Task prompt: If a record contains a picture, drop the picture and copy everything else exactly.

Dataset extract:
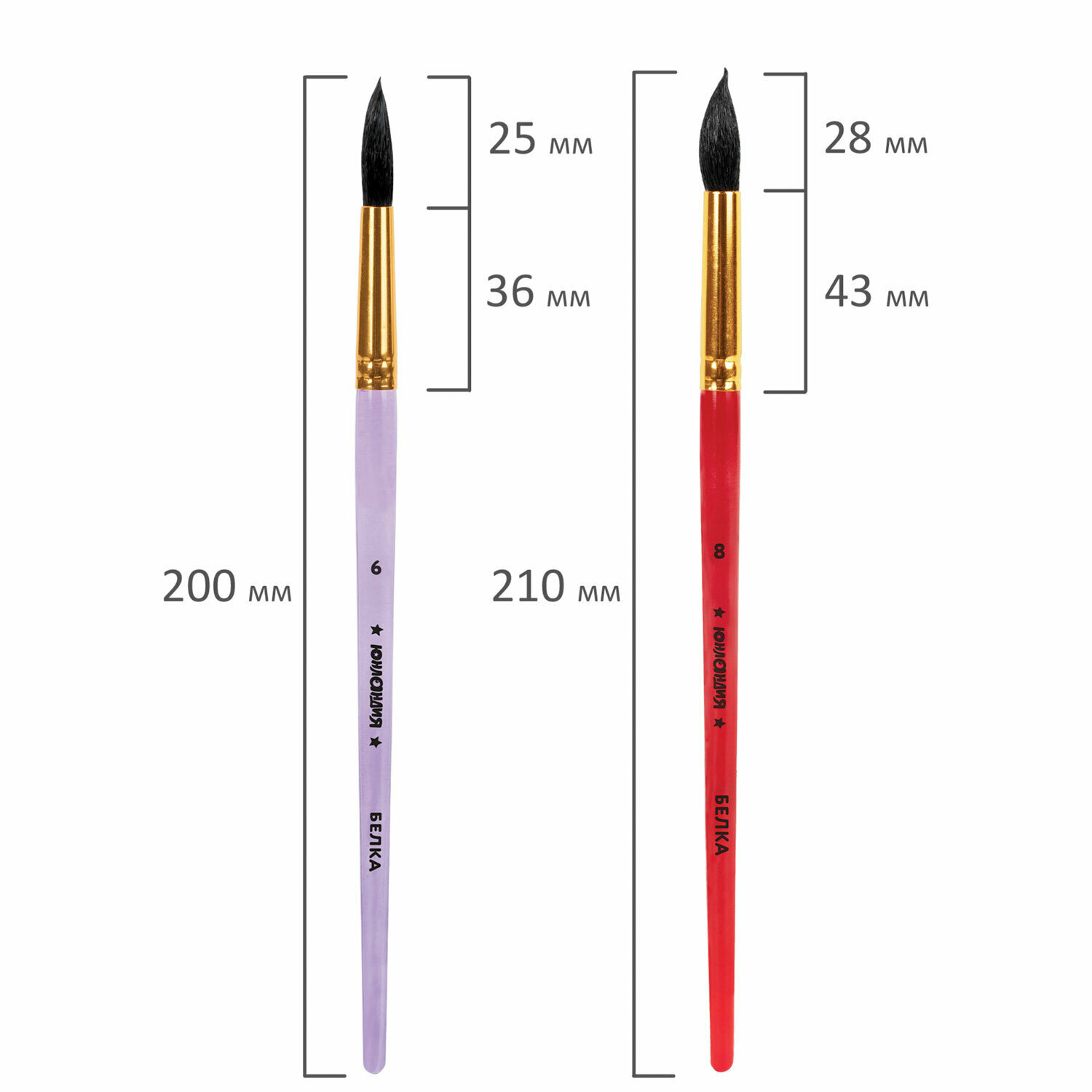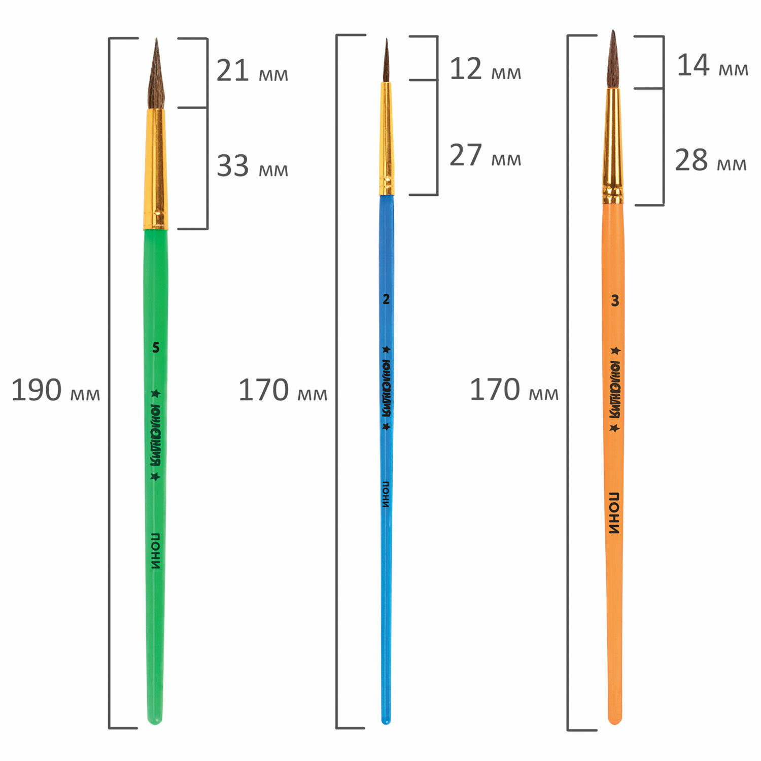 Кисти для рисования в школу набор 5 штук, кисточки круглые № 2 3 5 6 8, пони, белка, Юнландия, 201070 интересное:
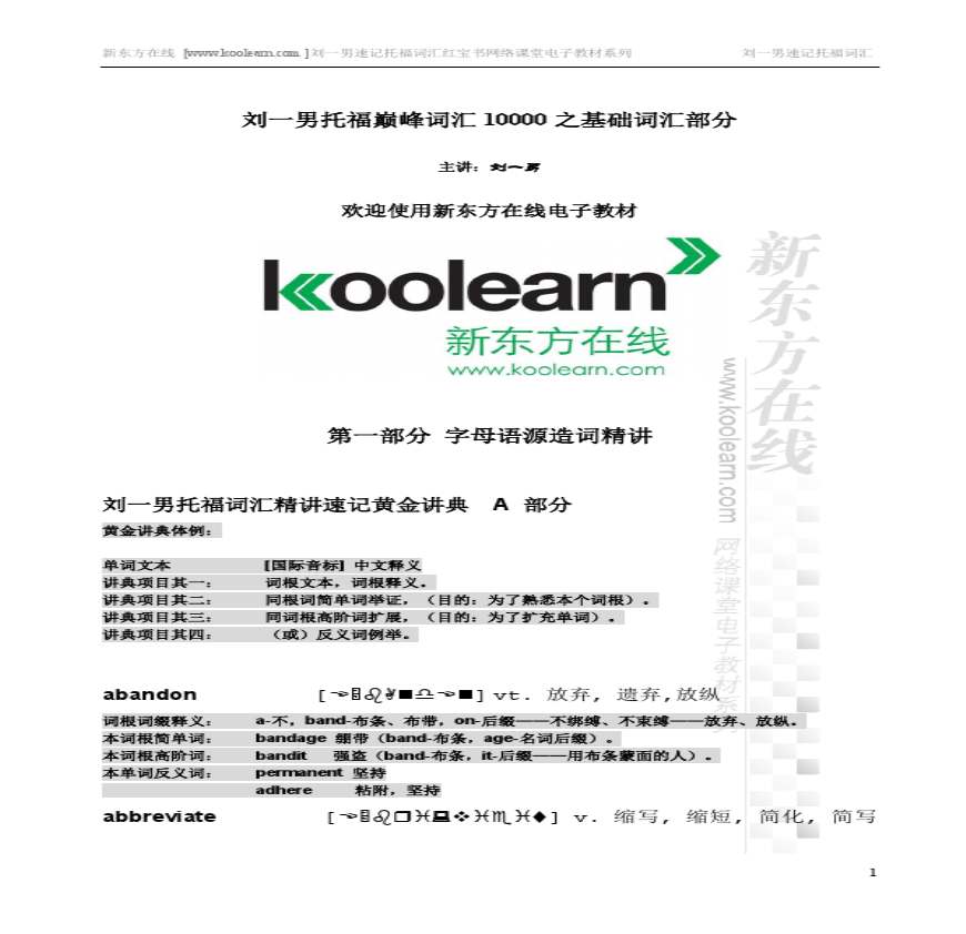 讲义 多多文库 学习资料页 新东方在线 英语络课堂电子教材系列 巅峰 电子讲义主讲:欢迎使用新东方在线电子教材第一集b b 学习资料页 讲义 巅峰 之基础部分 主讲: 第一部分 字母语源造词精讲 精讲速记黄金讲典 A 部分 黄金讲典
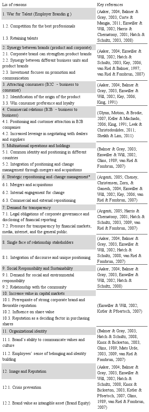 In the corporate branding literature, authors address a wide range of reasons and benefits of investing in corporate brands. After a revision (Rodrigues et al., 2014), as Table 2 shows, 26 reasons were listed and grouped into 12 main categories: war for talent (employer branding); synergy between brands; consumer attraction; commercial relations; multinationals and holdings; strategic repositioning; demand for transparency; single face with stakeholders; social responsibility and sustainability; capital market; organizational identity; image and reputation. Possible reasons are understood as expected results, perceived benefits, and market assumptions, which may be considered as relevant reasons to adopt this strategy. These reasons, grouped into categories, gave rise to the research variables used in the preparation of the questionnaire.
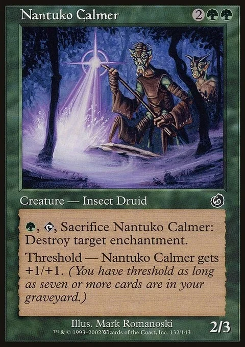 {G}, {T}, Sacrifice Nantuko Calmer: Destroy target enchantment. Threshold — Nantuko Calmer gets +1/+1 as long as seven or more cards are in your graveyard.
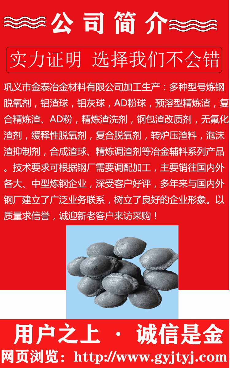 产品名称 | 炼钢脱氧合成渣球 | ||
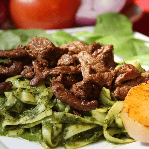 Noodles in a lima-style pesto sauce make from cilantro served with steak, chicken or vegetarian
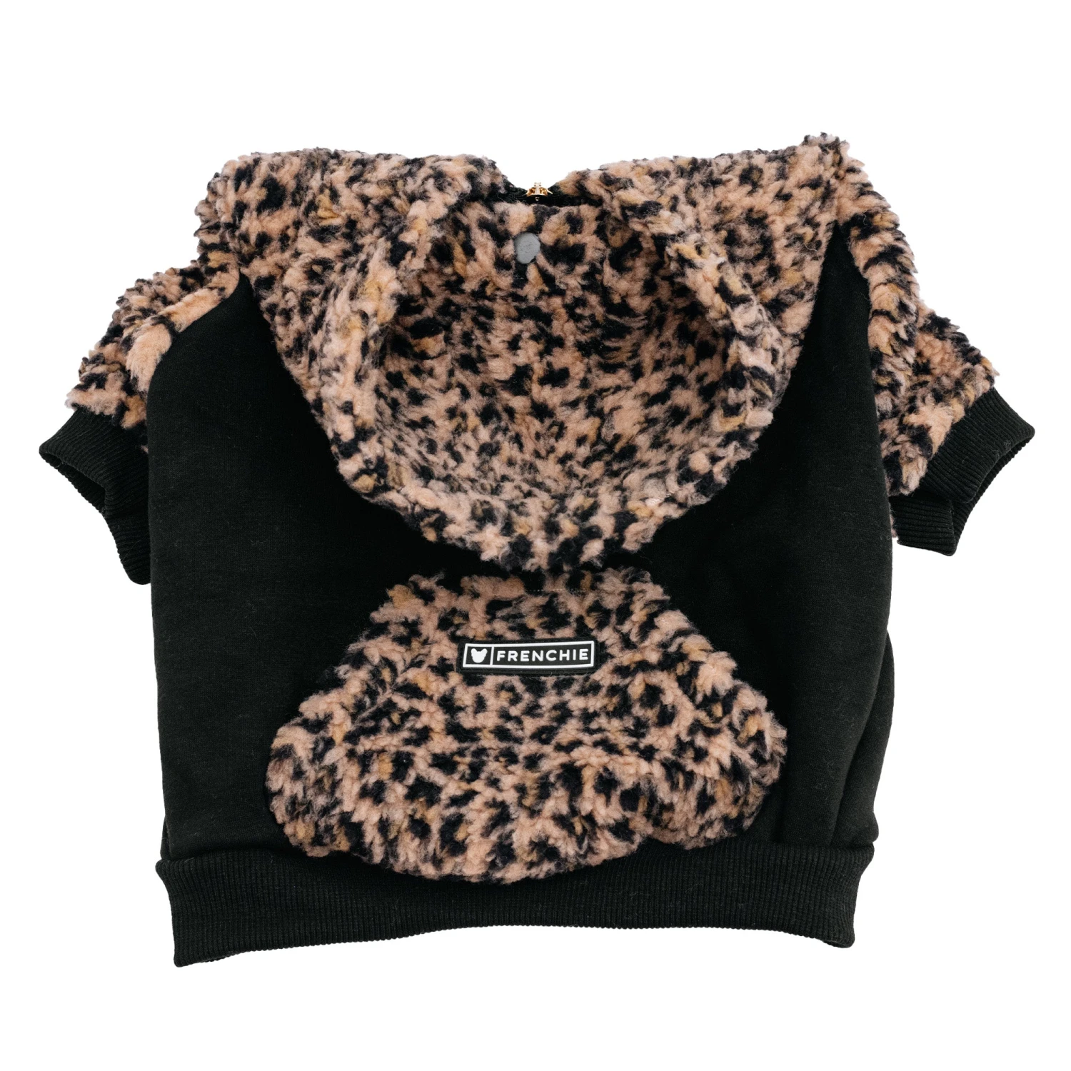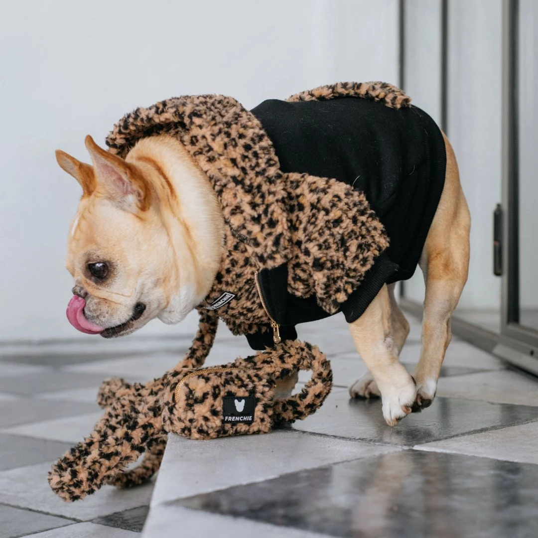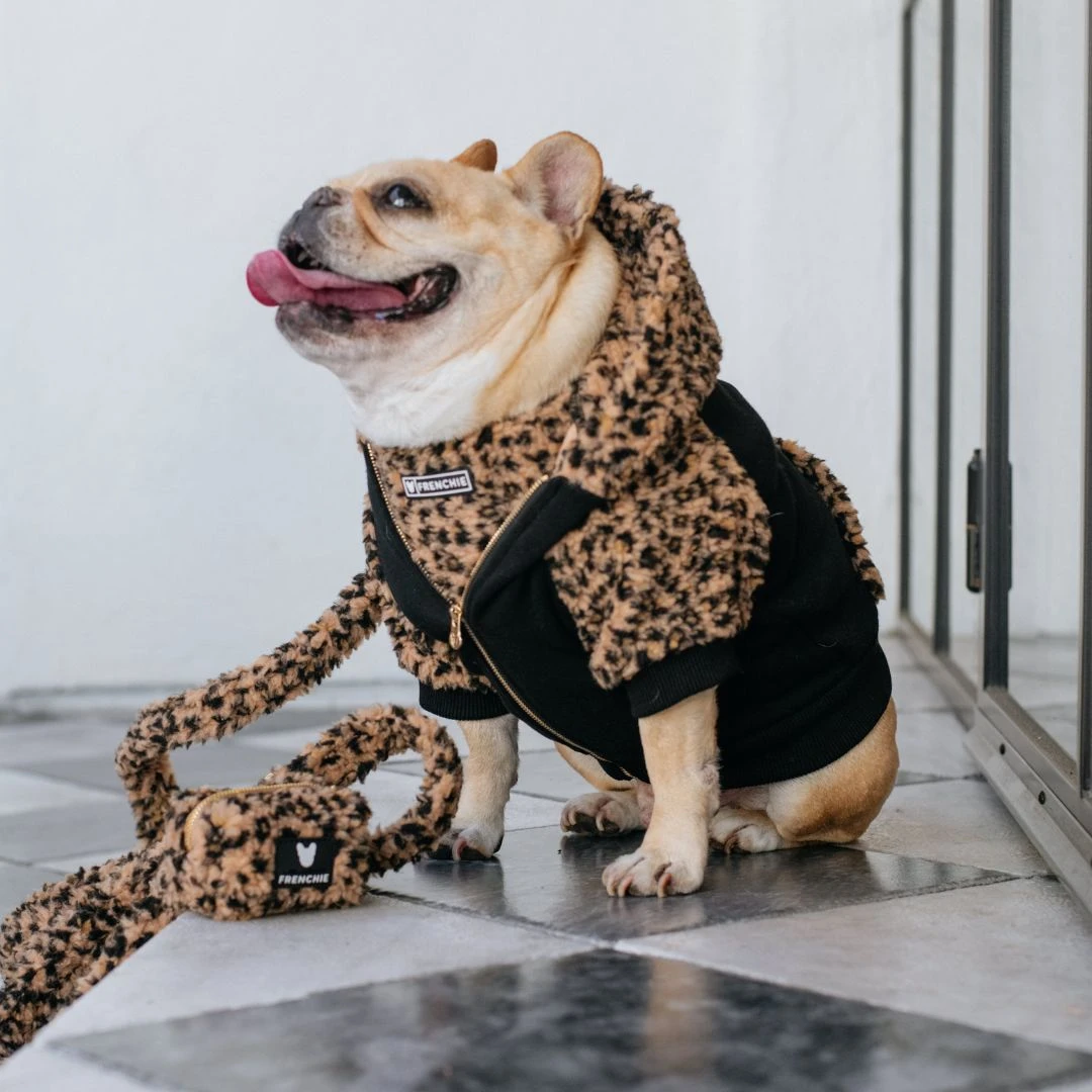 Our custom-sized fit is perfect for Frenchies & small-medium breeds. Polyester fabric is breathable and moisture-wicking, plus it looks fabulous! Dual-lined hood with secure snap feature, front zipper and leash-harness integration slit. Stash pocket in the back for treats or whatever else your pup needs. Soft and comfortable with a naturally water-resistant finish.

Response to the task:
 Кисти для рисования в школу набор 5 штук, кисточки круглые № 2 3 5 6 8, пони, белка, Юнландия, 201070 интересное:
 讲义 多多文库 学习资料页 新东方在线 英语络课堂电子教材系列 巅峰 电子讲义主讲:欢迎使用新东方在线电子教材第一集b b 学习资料页 讲义 巅峰 之基础部分 主讲: 第一部分 字母语源造词精讲 精讲速记黄金讲典 A 部分 黄金讲典
 In the corporate branding literature, authors address a wide range of reasons and benefits of investing in corporate brands. After a revision (Rodrigues et al., 2014), as Table 2 shows, 26 reasons were listed and grouped into 12 main categories: war for talent (employer branding); synergy between brands; consumer attraction; commercial relations; multinationals and holdings; strategic repositioning; demand for transparency; single face with stakeholders; social responsibility and sustainability; capital market; organizational identity; image and reputation. Possible reasons are understood as expected results, perceived benefits, and market assumptions, which may be considered as relevant reasons to adopt this strategy. These reasons, grouped into categories, gave rise to the research variables used in the preparation of the questionnaire.
 {G}, {T}, Sacrifice Nantuko Calmer: Destroy target enchantment. Threshold — Nantuko Calmer gets +1/+1 as long as seven or more cards are in your graveyard.
 产品名称 | 炼钢脱氧合成渣球 | ||
 Noodles in a lima-style pesto sauce make from cilantro served with steak, chicken or vegetarian
 Our custom-sized fit is perfect for Frenchies & small-medium breeds. Polyester fabric is breathable and moisture-wicking, plus it looks fabulous! Dual-lined hood with secure snap feature, front zipper and leash-harness integration slit. Stash pocket in the back for treats or whatever else your pup needs. Soft and comfortable with a naturally water-resistant finish.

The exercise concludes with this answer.